For its inaugural four-day run, the Top Drone school took place at the Muscatatuck Training Center, located just south of Camp Atterbury. The organizers designed the course to imitate an urban setting and focused heavily on maneuverability, endurance, and reconnaissance.
Two private companies, Vector and Code 19, were invited to fly their drones alongside representatives from the Army’s Combat Lethality Task Force and the Aviation Center of Excellence.
The mix included both untethered first-person view drones and fiber-optic-connected drones, adding variety and complexity to the exercises.
In addition, a separate trial took place at a different range within Camp Atterbury, where the Marine Corps Attack Drone Team performed live fire demonstrations.
These activities helped to illustrate the breadth of drone applications and the importance of continuous training and testing in evolving combat environments.
Limeberry noted his admiration for how adeptly service members performed in the Top Drone event, especially in terms of navigation and target identification.
Looking ahead, he expressed a desire to see future events run over multiple weeks.
This would allow participants to further refine their tactics as they face increasingly sophisticated obstacles.
Plans are also underway to create a secondary Top Drone course at Camp Atterbury, one that will replicate a denser, more wooded environment.
“As we continue to scale the complexity, it will be an a la carte menu of electronic warfare jamming and providing a real-world, adversarial threat-informed environment that we need to fly with and through to make sure that we’re staying competitive,” Limeberry said.
Therefore, each new iteration of Top Drone will strive to challenge participants with more intricate electronic warfare scenarios, ensuring that both the technology and the operators are ready for the realities of modern warfare.
The drive for “drone dominance” has become a top priority at the Pentagon, especially as Defense Secretary Pete Hegseth has outlined plans to not only field more drones but also to build the training and organizational infrastructure necessary for widespread adoption by 2027.
Top Drone is central to this effort, as was the broader T-REX event last month, which showcased a range of low-cost, expendable attack drones, as well as cutting-edge counter-drone technologies.
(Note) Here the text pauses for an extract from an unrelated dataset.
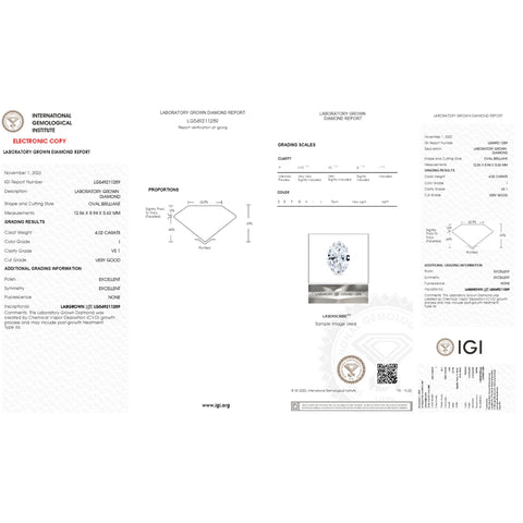 This appraisal certificate confirm the authenticity for your jewelry and recognized by all insurance companies. Color, clarity, carat weight, metal content, authenticity, and replacement value are all graded on this certification.

Over two weeks, T-REX featured assessments of 58 different technologies.
Some of these were sponsored by military services or combatant commands, while others were presented by private companies that had never before engaged with the Department of War but offered promising solutions for existing capability gaps.
Depending on the results, certain technologies will move forward into joint, rapid experimentation, while others will require additional development.
Limeberry emphasized the value of the T-REX program as a mechanism to identify the most appropriate innovation pathway for each new capability.
“The goal of T-REX is to come out and you find your best transition partner, an innovation pathway that fits the need of your company or fits the need of the government, depending on where the gap and critical need is,” he explained.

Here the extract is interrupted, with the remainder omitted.